To demonstrate the selection of genes for further research, we will be be using Cytoscape (Version 3.6) for the network analysis of upregulated genes in a publically availabe dataset from Gene Expression Omnibus (GEO). In the current dataset (GSE4745) microarrays were used to study the ventricle gene expression changes that underly development of diabetic cardiomyopathy. The microarray data was analysed by GEO2R tool available on the dataset page.
Click on the “Analyze with GEO2R” button.
Clicking on GEO2R brings up the group selection page. In our analysis, we compared the STZ 3-day rat with the control group. Click on the drop down menu to make two groups (Test and Control in this case). Select all the control groups and click on the “Control” in the drop down menu. Then do the same for “Test”.
Once samples have been added to the appropriate groups, click on “Top 250” button.
After a brief analysis, we get the top 250 upregulated and downregulated genes. Click on “save all results” to save the results locally.
The results may open in a browser tab. Click CLTR+S to save the result in a text file on your computer. You may append “.csv” to the filename and open the file in Microsoft excel or Libreoffice calc. While importing this file in excel or calc, choose separator as “Tab” and text delimiter as ” ” “.
Once the file has opened in excel or libreoffice calc, sort the rows as per the logFC value. This is the log of Fold change and it is the value we are interested in. “P.Value” should stay below 0.05. A logFC of 1 signifies the doubling of expression. We selected the genes with logFC > 1.5 and p <0.05.

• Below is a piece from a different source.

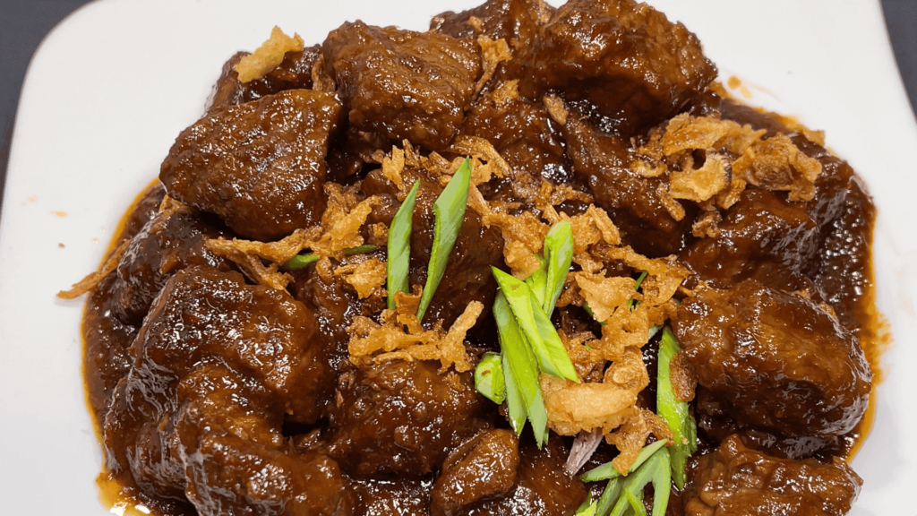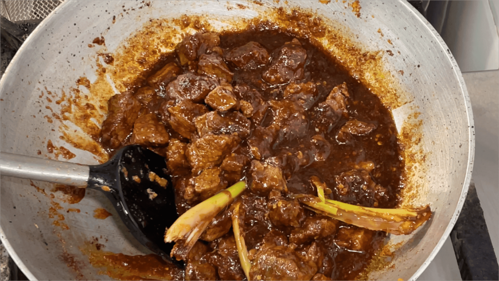 3.Bumbu mateng masukan lada,gula merah,garam secukupnya,asem jawa,dan masukan daging sapi,dan kecap.masak sampai kuah mengental.

The selected genes were further analyzed in Cytoscape version 3.6. We used the Bisogenet plugin available in the App manager in Cytoscape to download the Protein-protein interactions of the selected genes.
Paste the names of the genes (from gene.symbol column) in to the “input identifiers” box. Select the organism and map for both genes and proteins. Unselect the microRNA silencing interactions from the Data settings tab. Click “Submit”. Bisogenet populates the main cytoscape window with the interactions of the input genes.
Click the CLTR key and select the isolated nodes (genes are the nodes) which are lying alone or are connected to just one another gene. Press delete to remove these nodes from further analysis. Default Bisogenet settings selects up to 1 neighbour of the input nodes so that even genes not entered initially may be a part of the network.
Once the network has been generated, remove duplicated edges and self loops.
Edit > Remove Self loopsEdit >Remove Duplicated edges
We may now analyze this network by:
Tools > Network Analyzer > Network Analysis > Analyze network
Generate styles for this network by using the calculated Betweenness centrality.
Tools > Network Analyzer > Network Analysis > Generate style from Network
Select “Map Node Size to” and “Node Color to” Betweenness centrality in the dropdown menu.
We will get the following graphics. Selecting any node in the window brings it up in the table menu.
From among the genes with high Betweenness Centrality, we may select genes which may be potential drug targets. The gene druggability may be checked from this site.